FIG. 9 is an enlarged plan view of the parts shown in FIGS. 6-8;

FIG. 10 is an enlarged section of the switch matrix taken substantially along the line 10--10 of FIG. 9 showing a target cup in a relaxed position;

FIG. 11 is a view similar to FIG. 10 but shows a target cup in an activated position.

While the invention will be described in connection with certain preferred embodiments, it will be understood that it is not intended to limit the invention to those particular embodiments. On the contrary, it is intended to cover all alternatives, modifications and equivalents as may be included within the spirit and scope of the invention as defined by the appended claims.

DETAILED DESCRIPTION OF THE PREFERRED EMBODIMENT

Turning now to the drawings, there is shown in FIG. 1 a coin-operated electronic dart game generally designated 14. As is well known, the object of the dart game is for a player to throw darts 15 at a target or dart board 20. For safety purposes, the darts 15 are specially designed with blunt, flexible plastic tips. The dart board 20 is positioned in an upright cabinet 16 such that it protrudes through a large aperture in a plastic plate 17 which is fastened to the cabinet (FIG. 3).

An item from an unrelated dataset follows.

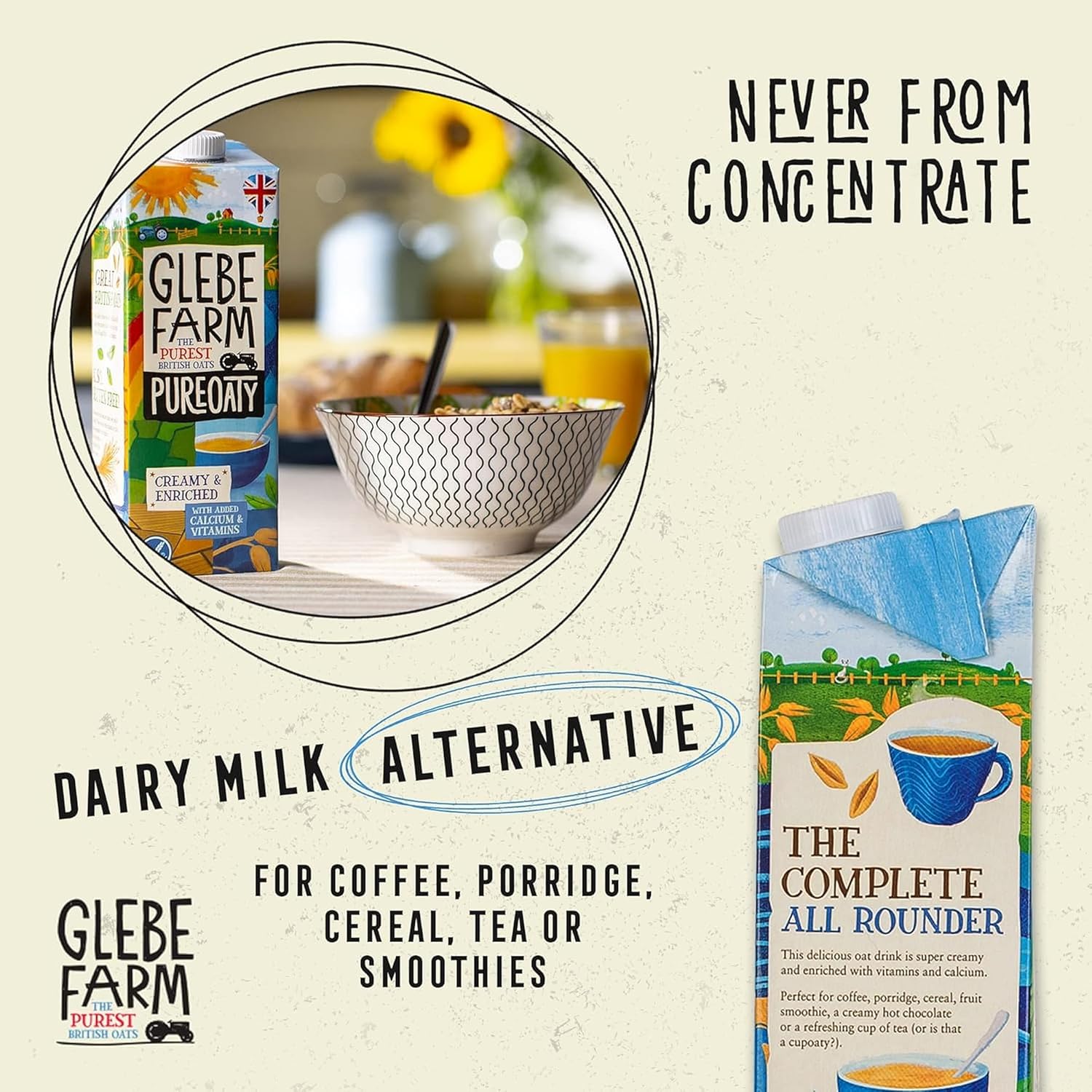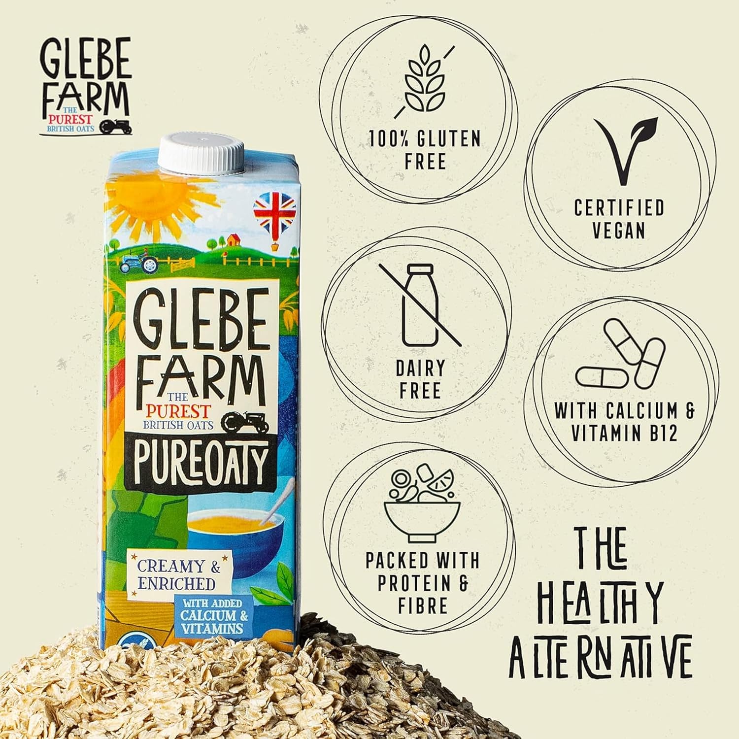 Glebe Farm Pureoaty Creamy & Enriched - Barista Style Gluten Free Dairy Free & Vegan Coffee Creamer, High Protein With Calcium & Vitamin B12, 6 X 1 Litre

The cabinet contains electronic components enabling automatic registration and visual signaling of the score achieved by the players. Since automatic scoring is not new per se and since the electronic components described herein do not form any part of the present invention, further description of such components will be dispensed with.

The dart board 20 is constructed so that a "safe" dart 15 may strike the board and be retained thereon rather than bouncing off the board and falling to the floor. For this purpose, the board 20 consists of numerous hard plastic target sections 21 (FIG. 4) specially designed for reception of "safe" darts 15. Preferably each target section 21 includes a target plate 22 which is formed with a large number of very closely spaced holes 23 for receiving the tip 19 of the dart 15 (FIG. 3). The target plate 22 is supported by a plastic cup 24 (FIG. 4) whose internal peripheral shape corresponds to the peripheral shape of the particular plate. Each cup 24 includes a closed inner end 25 (away from the face of the target 20) and an open outer end (nearest the face of the target 20). The plate 22 is inserted into the open end of the cup 24 and cemented into place. Each cup 24 has a depth of approximately 7/8 of an inch and each plate 22 is located in its respective cup such that the outer face of the plate is spaced inwardly a short distance from the outer edge of the cup (FIG. 4).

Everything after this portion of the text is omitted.